Всю ночь мое сердце скрипит, и трещит,
И кровью исходит больной.
А бабка в гнездовье шипит, верещит:
"Грязи-щ-ща у девки ш-ш-шальной".
И драит она, ковыряет она,
И продыху мне не дает.
Тупым косырем выскребает до дна...
Но утром душа запоет:
"Гляди-ка, бедуха, соринка на дне,
Не стели половик до угла.
Это зоренька улыбнулась мне
И на сердце живинкой легла".
В пятнадцать лет я покинула наш военный городок, в который
больше никогда не вернулась, как в детство.

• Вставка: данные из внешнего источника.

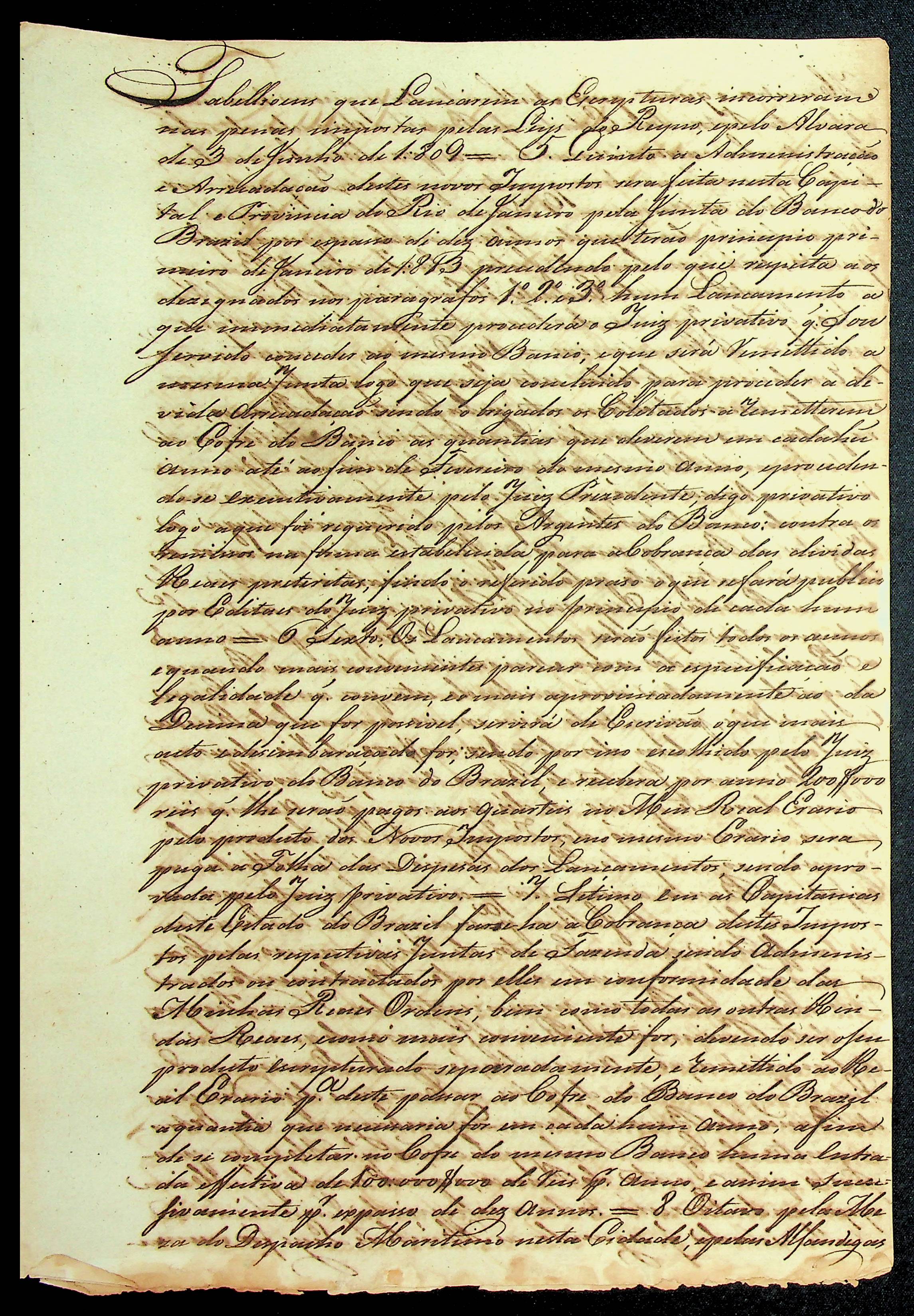 DECRETO do Príncipe Regente D. João criando o Banco do Brasil.
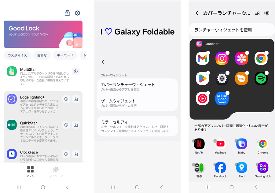 「Galaxy Z Flip7」は「Good Lock」というアプリをインストールすれば、外側ディスプレイで使いたいアプリを設定できる
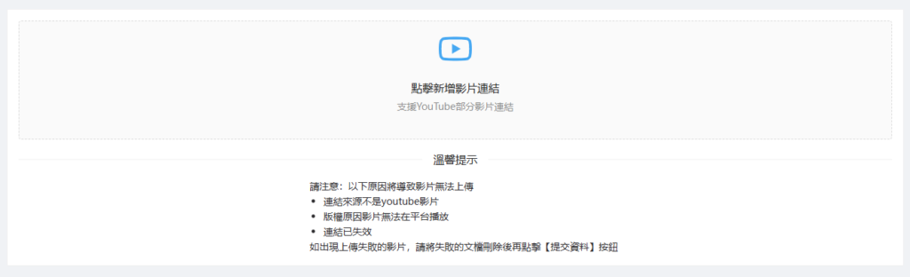 選擇一個資料庫,「上傳數據」頁面裏選擇“影片”,可以單條或批量上傳影片鏈接。目前支持youtube的部分公開許可權影片,可支持在DiVoMiner平台線上播放。針對部分非公開影片(如會員許可權影片)受源影片網站的限制,目前無法直接在DiVoMiner上觀看。已上傳的鏈接,也可能存在源網站鏈接變動失效等情況。
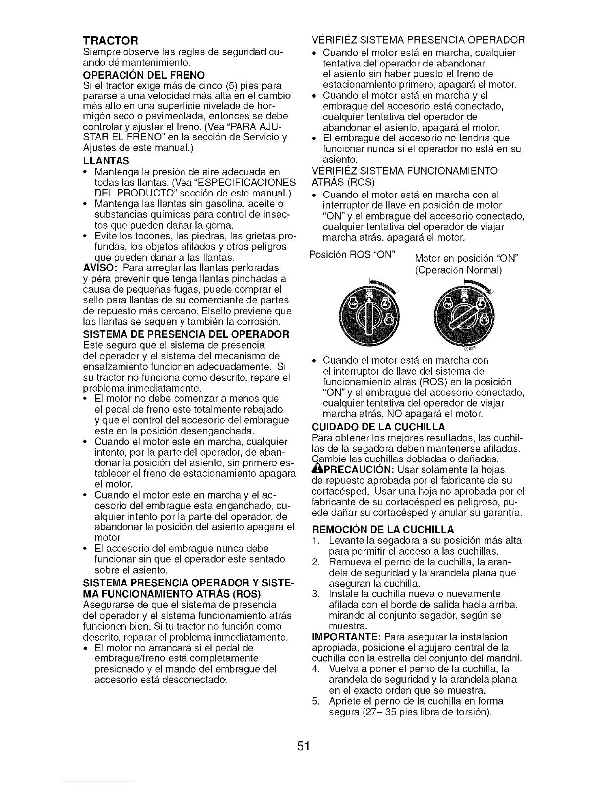 Posici6n ROS "ON" Motor en posici6n "ON"
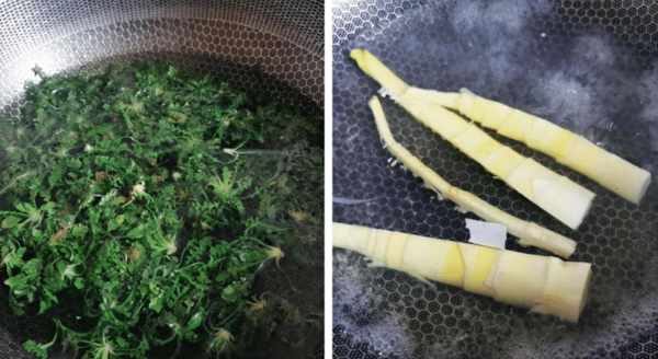 第二步:将春笋去皮,将春笋洗净切条,锅中烧热水,将春笋泡发2分钟,去除春笋中的草酸。发芽,荠菜沥干水分,切细末备用。

Была слезой в той стороне,
Где память плачет обо мне,
И вот вплыла вчера, вчера
В те вечера,
Где гроздья звезд, как виноград,
Так сочно мякотью искрят,
И майский жук летит из рук
На светлый круг.
А я за ним влетела вслед
В свои пятнадцать южных лет.
Играй, звезда моя, свети,
Все впереди.
Здесь столько грез и жарких снов
С конфетным запахом обнов,
И сказочен их карнавал,
Я правлю бал!
Но ржавый скрежет часовой
Готовил свой прощальный бой,
И в никуда все вечера
Вчера, вчера.
А в той далекой стороне
Никто не плачет обо мне...
Лишь солончак, где был наш дом,
И в горле ком.
А июльские звёздные ночи
Припорошены стылой золой.
Дождь лопочет, чего-то пророчит
Или бредит, холодный, больной.
И, сливаясь с дождливостью этой,
Веря в то, что наш ритм совпадёт,
Заклинаю померкшее лето:
"Дождь пройдёт, боль пройдёт, всё пройдёт...".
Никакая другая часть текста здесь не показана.